Quality
Technical Writing
At the start of my career at Genentech, there was no dedicated Manufacturing Tech Writing group; updates to SOPs and Batch Records were typically handled by manufacturing supervisors and a few associates. Recognizing opportunities for improvement, I began revising and enhancing procedures during my spare time around processing. My contributions were well-received, and I was soon recruited into the newly established Tech Writing group.
In this role, I collaborated closely with research scientists to develop accurate and comprehensive SOPs and Batch Records, ensuring their processes were ready for seamless transfer into Manufacturing. This experience not only strengthened my technical writing skills but also demonstrated my ability to bridge the gap between research and production—an expertise I have continued to apply and refine throughout my career.
Compliance
I have a strong understanding of compliance with regulatory requirements from various agencies, including the FDA, EMA, and other global health authorities, as well as adherence to industry guidelines such as ICH, cGMP, and ISO standards. My experience includes auditing Quality Manuals to ensure alignment with these regulations and standards, identifying gaps, and implementing corrective measures to ensure full compliance.

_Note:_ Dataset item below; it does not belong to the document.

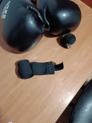 Par de guantes de boxeo Adidas en color negro + cintas para mano, tamaño 10oz. Ideales para entrenamiento. Usados solo una vez - Marca: Adidas - Tamaño: 10oz - Color: Negro

I have authored, reviewed, and approved numerous Deviations, CAPAs (Corrective and Preventive Actions), and investigation reports, ensuring robust root-cause analysis and effective resolution of issues to prevent recurrence. My work has also involved meticulous review of internal and external manufacturing documents, including Batch Records and supporting documentation, to support lot release and ensure product quality and safety.
In addition, I have been actively involved in multiple audits conducted by regulatory agencies and third-party auditors. My responsibilities have included serving as a key point of contact, preparing documentation, addressing questions from auditors, and implementing post-audit corrective actions to maintain and improve compliance. My comprehensive approach to compliance has consistently supported successful inspections and ensured alignment with evolving regulatory expectations.
Quality Systems
I have extensive experience working with a variety of Quality Management Systems (QMS) which has allowed me to effectively manage and streamline quality processes. In addition to using these systems, I have often been responsible for authoring work instructions and creating standard operating procedures (SOPs) to ensure that best practices and regulatory requirements are clearly communicated to my colleagues. Some of the key QMS systems I have worked with include Veeva Vault QMS, ComplianceWire, JDE Enterprise, MasterControl, TrackWise, and SAP Quality Management (QM).
Throughout my career, I have consistently created clear, concise work instructions, SOPs, and training materials to ensure that all team members are aligned with quality standards and compliant with regulatory guidelines. My experience with these various QMS systems has allowed me to streamline processes, improve operational efficiency, and contribute to the successful delivery of high-quality products.